--- START ---

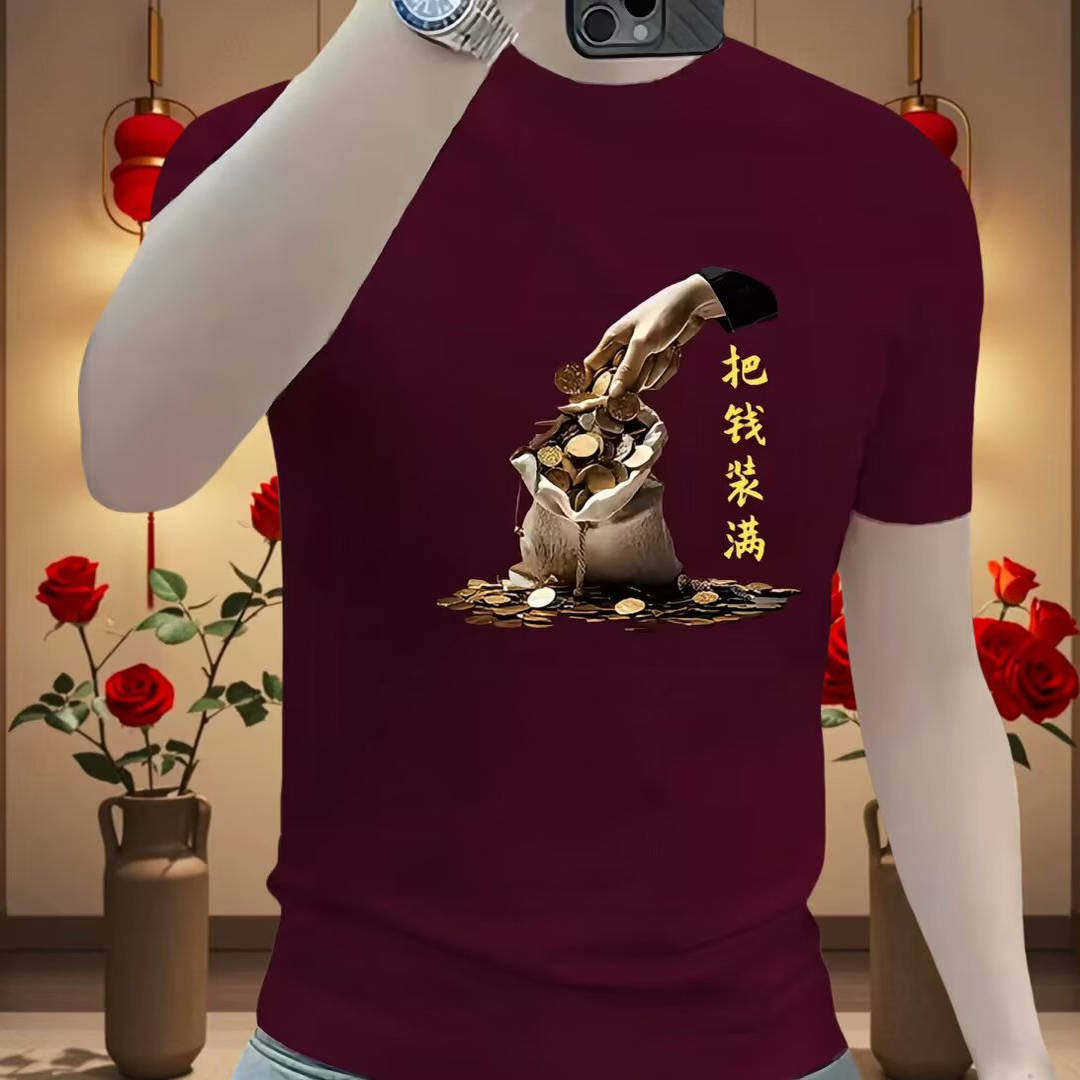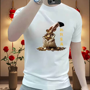 圆领体恤半袖 潮牌国潮搞钱趣味印花短袖 新款 夏季 纯棉上衣 t恤男士
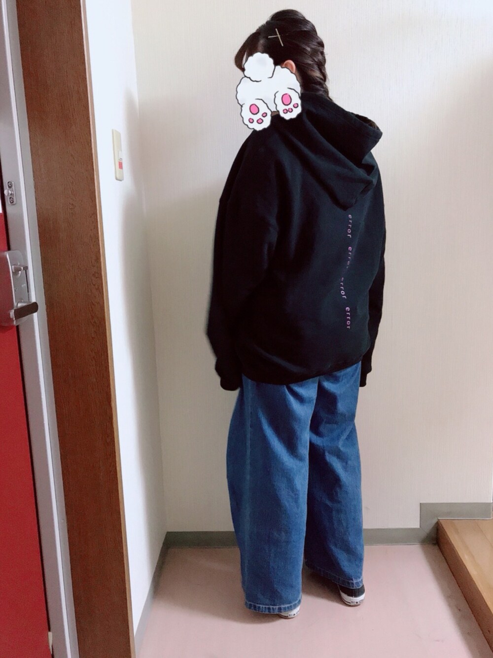 CHIHIRO YASUDAのパーカーで! ぬるっとゆるっとしてる感じに。 雨の日だったから髪もまとめてスッキリさせました😃✌️
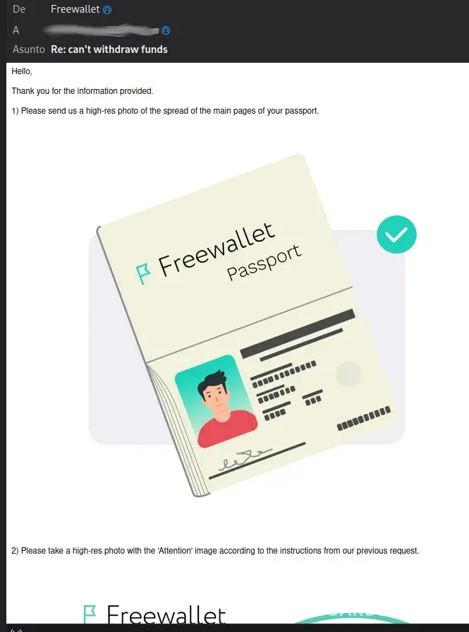 FreeWallet has kept my money hostage since June of 2023. They finally responded by claiming my account was opened up to withdraw and told me I had ten days to withdraw my funds. When I when to withdraw them it still shows suspended and unable to withdraw. No further response the last tree days. They’re scammers that will keep telling you to provide the same information over and over again. I’ve had two ticket ID’s 468248 which I believe is the one they’ve most responded to, but also have 468281. Their last email came through on 2/6/25 and no response since after three emails to unsuspend my account so that I can withdraw.
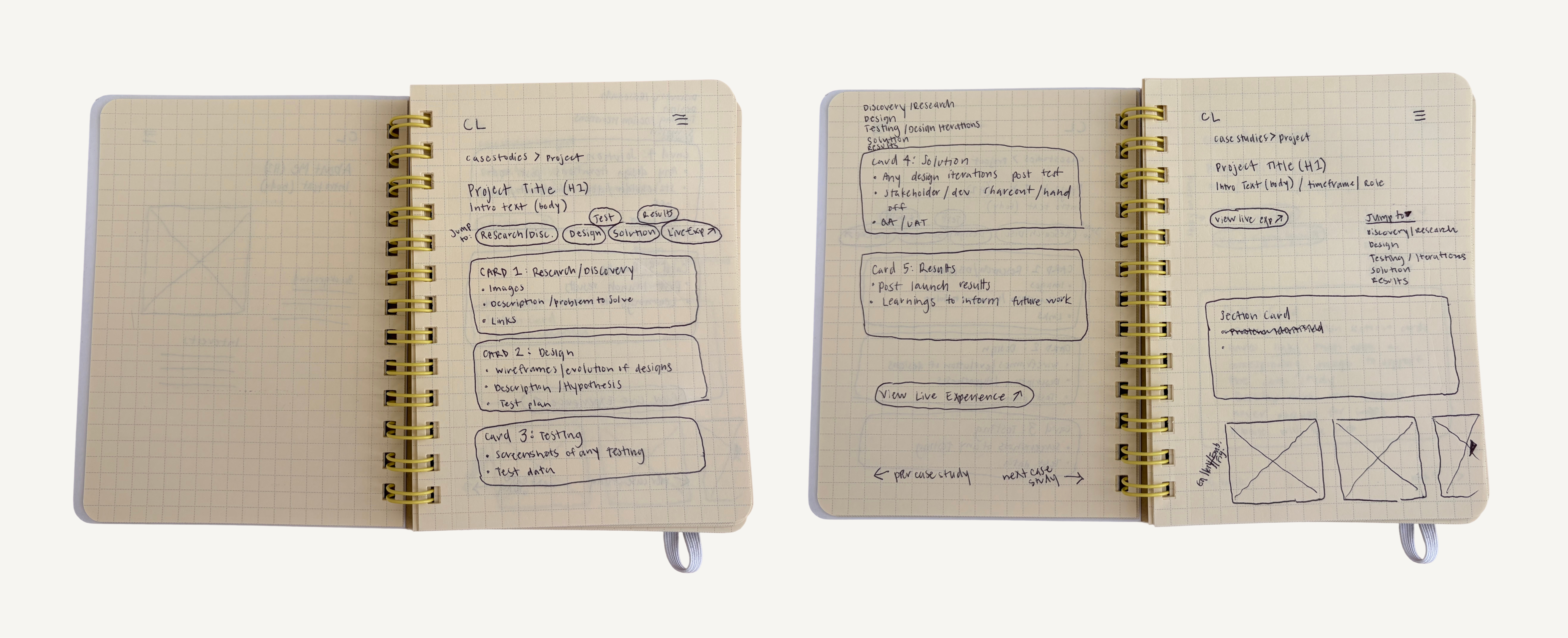 The idea started analog. Before opening Figma or any digital tool, I spent time sketching rough layouts, thinking about information architecture, and establishing what I wanted the portfolio to communicate. The sketches weren't precious — they were fast explorations of page structure, content hierarchy, and navigation patterns.
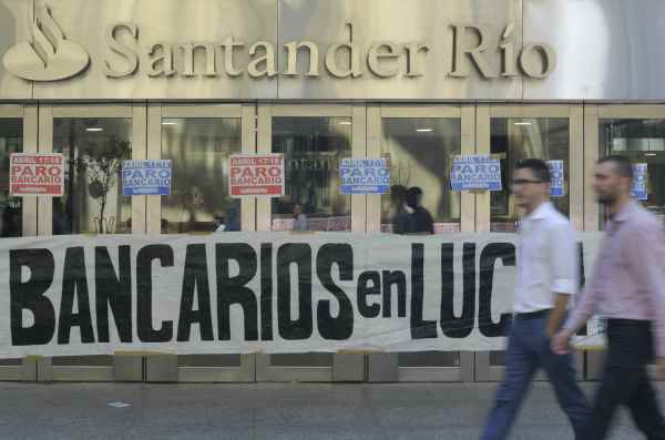 "Hacen listados de los que adhieren al paro, buscan quebrar la medida poniendo cajeros automáticos hasta en los kioscos, pero aquí nos tienen, con un paro de más del 90% de acatamiento y los bancarios en las calles de cada capital de provincia", afirmó.
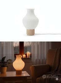La lampada è composta da una base scanalata e da un paralume scultoreo con un collo delicatamente stretto, che le conferisce una silhouette elegante ed equilibrata. È ideale come lampada da comodino, luce d'accento per il soggiorno o elemento decorativo per interni moderni e minimali.
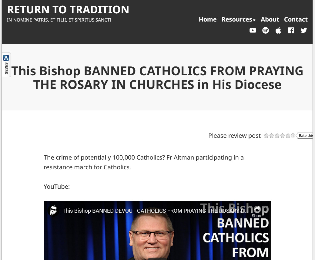 “This Bishop BANNED DEVOUT CATHOLICS FROM PRAYING THE ROSARY In Churches In His Diocese”
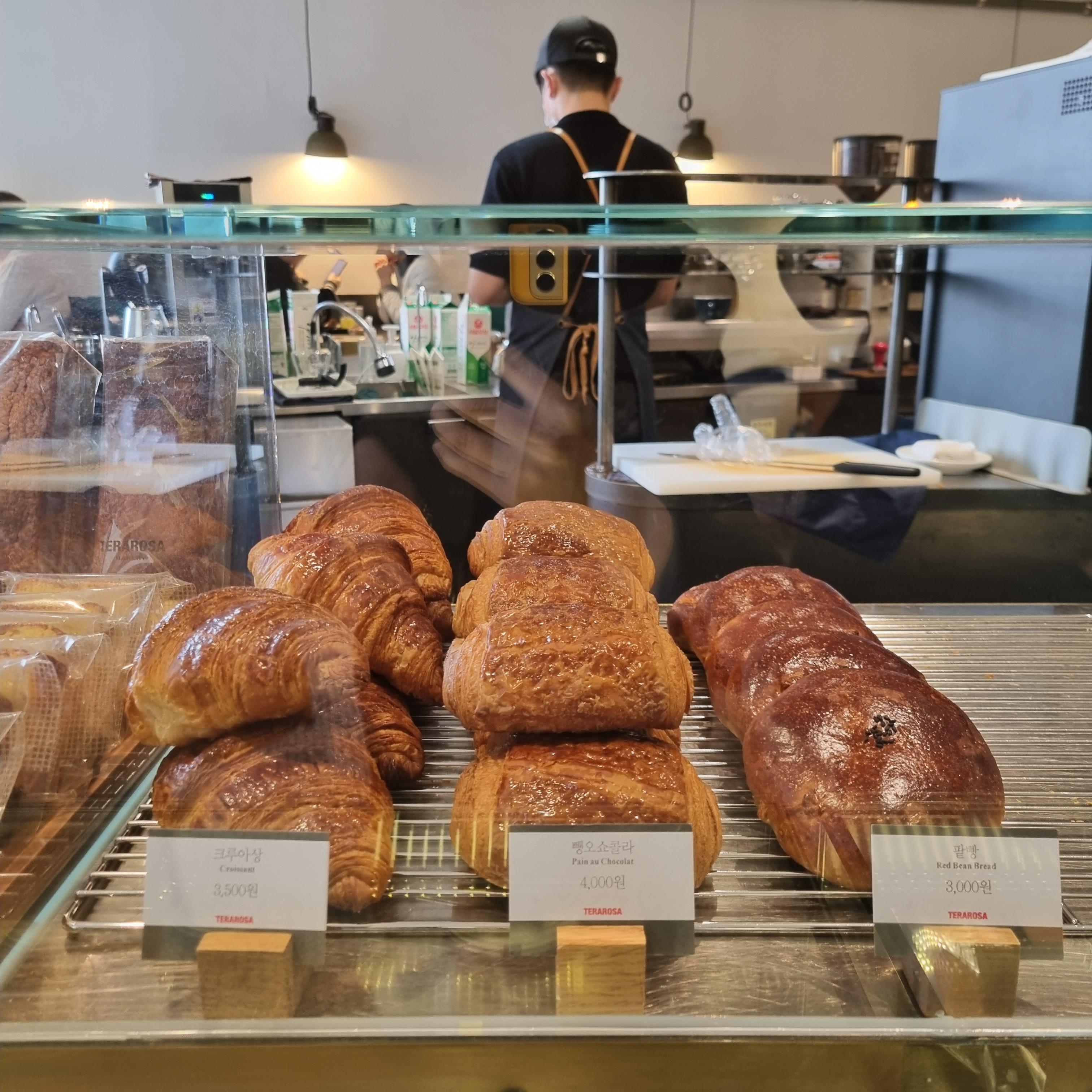 아메리칸 피칸 파이도 보이고, 레몬 치즈 케이크도 보입니다. 크루아상, 뱅오쇼콜라, 팥빵도 판매하고 있습니다. 여기 오면 디저트를 고르지 않을 수가 없네요.
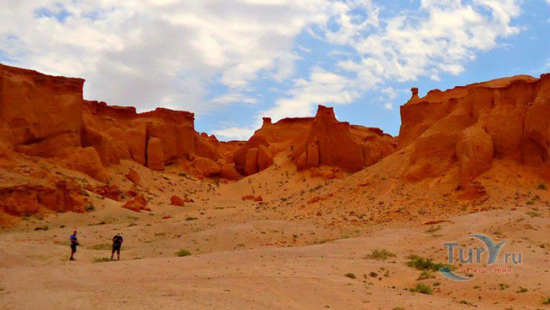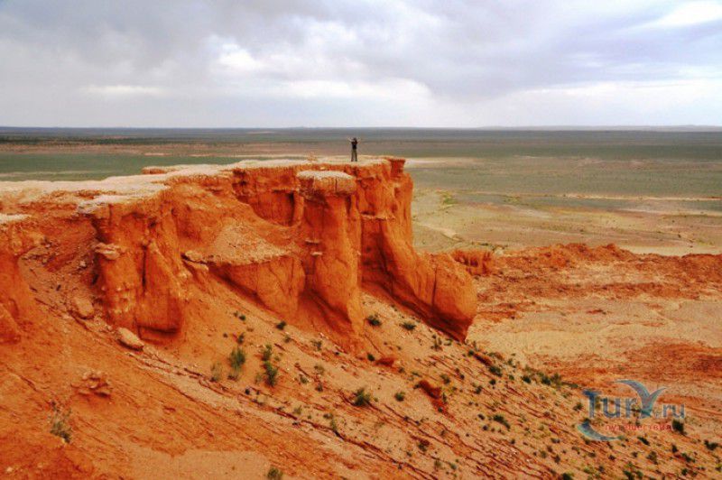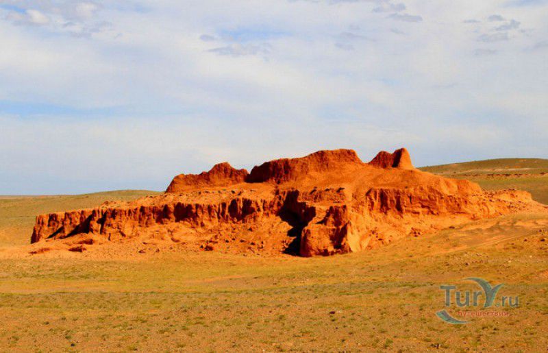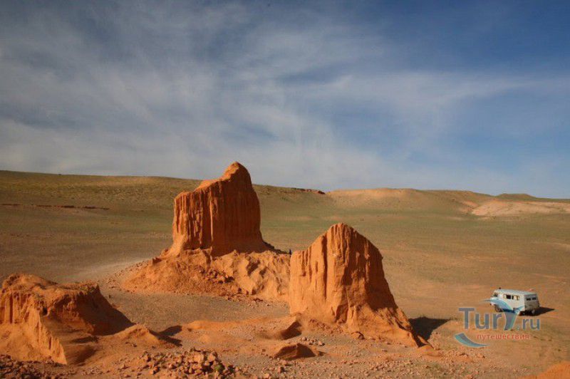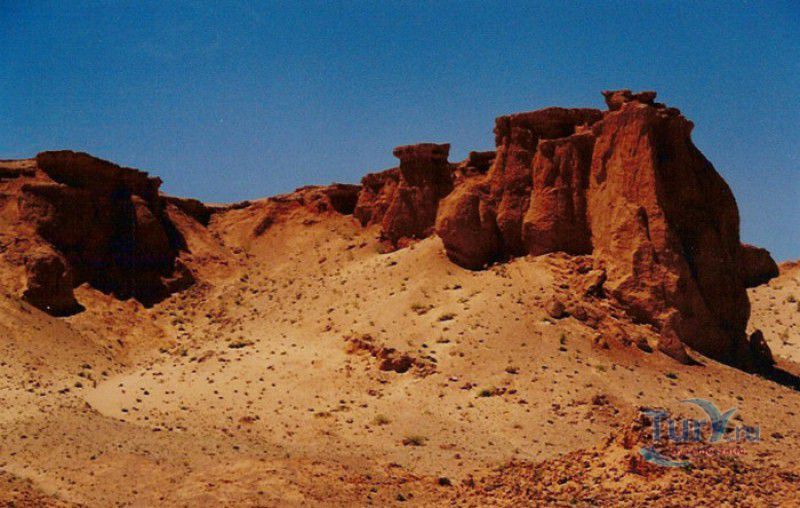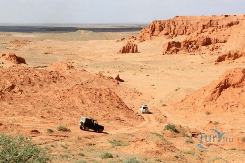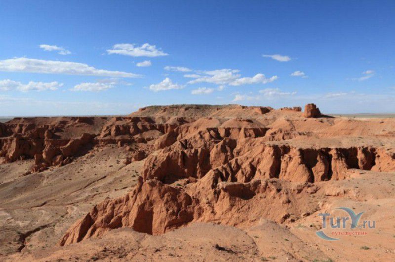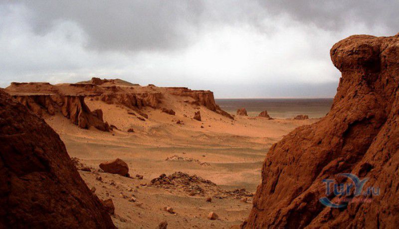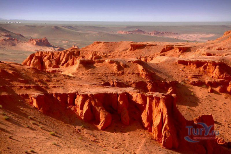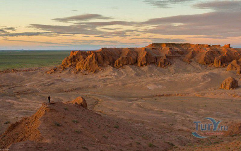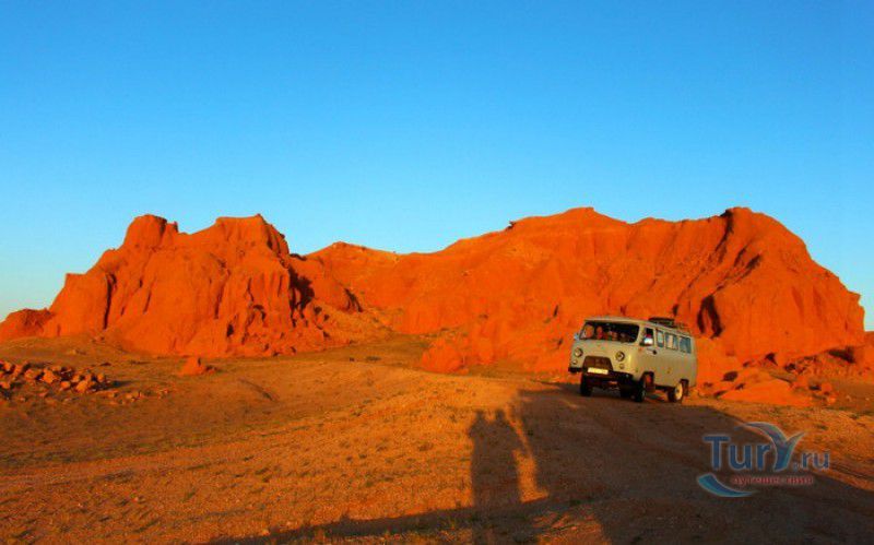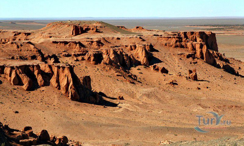 Скалы Баянзаг (Пылающие Скалы) расположены на юге Монголии, в провинции Умнеговь, в пустыне Гоби, в 90 километрах к северо-западу от города Даланзадгад. В переводе с монгольского Баянзаг означает "богатые саксаулом", так местные жители назвали эти скалы из-за обильно растущего на их склонах колючего кустарника (любимого лакомства верблюдов). Пылающими их назвал американский палеонтолог Рой Чепмен Эндрюс из-за красно-оранжевого цвета песчаника, из которого эти скалы сложены. В лучах восходящего солнца и на закате скалы словно пылают, охваченные огнём. Но не только красивые виды привлекают сюда туристов - Баянзаг является одним из самых знаменитых палеонтологических захоронений в мире. В 1920-х годах экспедиция Американского музея естественной истории, возглавляемая Эндрюсом, обнаружила здесь гнездо с окаменелыми яйцами динозавра Теропода овираптора (внутри одного яйца учёные обнаружили остатки зародыша), а также окаменелые останки хищного динозавра Велоцираптора и плацентарных млекопитающих, населявших эти места 60-80 миллионов лет назад. Эти находки произвели сенсацию в мировом научном сообществе. Экспедиции следовали одна за другой, палеонтологами были обнаружены кости и черепа динозавров, некоторые виды которых до этого времени науке были неизвестны. Туристам, посещающим Баянзаг, и сейчас местные торговцы предлагают "совсем недорого" яйца, кости динозавров и окаменелости доисторических животных. Однако, следует помнить, что ещё в середине XX века в Баянзаге палеонтологами были извлечены из земли все ценные находки, а, кроме того, незаконная торговля и вывоз окаменелостей динозавров за пределы Монголии строго запрещены и могут грозить, в лучшем случае, огромными штрафами. Но красота этих мест никуда не исчезла - вот как описывал Баянзаг писатель-фантаст и палеонтолог Иван Ефремов, побывший здесь с экспедицией в конце 1940-х годов: "И все же ни с чем не сравнимую, совершенно фантастическую картину представляла котловина вечером, минут за десять до захода солнца. Круглые обрывы изъеденных ветром древних песчанистых отложений полыхали ярко-красным пламенем. Казалось, вся котловина превратилась в море огня. Этот неожиданный эффект объяснялся просто: лучи заходящего солнца освещали древние красноцветные песчаники стен котловины и останцы, создавая совершенно реальное представление "пылающих скал"".
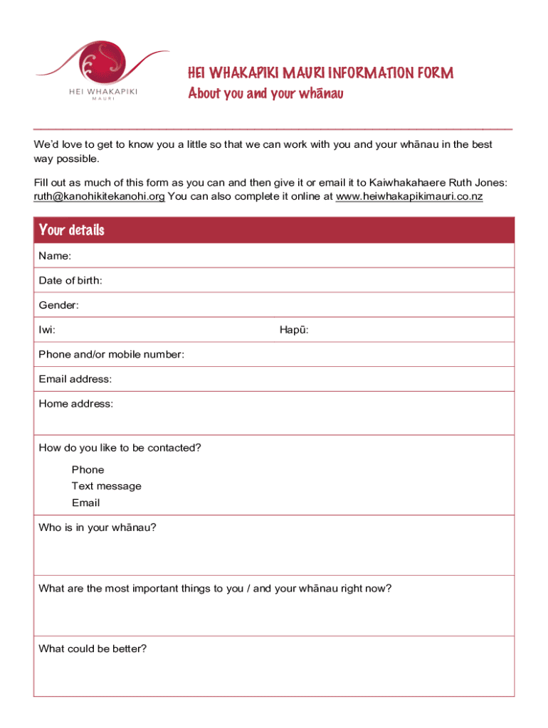 HE WHAKAPIKI MAORI INFORMATION FORM About you and your what We'd love to get to know you a little so that we can work with you and your what in the best way possible. Fill out as much of this form

--- END ---

### Exercise
Look above for the line with "Bishop BANNED DEVOUT" and the line with "아메리칸 피칸 파이도". Give again exactly those two lines and all lines between them, pictures excluded.

### Reply to the exercise
 “This Bishop BANNED DEVOUT CATHOLICS FROM PRAYING THE ROSARY In Churches In His Diocese”
 아메리칸 피칸 파이도 보이고, 레몬 치즈 케이크도 보입니다. 크루아상, 뱅오쇼콜라, 팥빵도 판매하고 있습니다. 여기 오면 디저트를 고르지 않을 수가 없네요.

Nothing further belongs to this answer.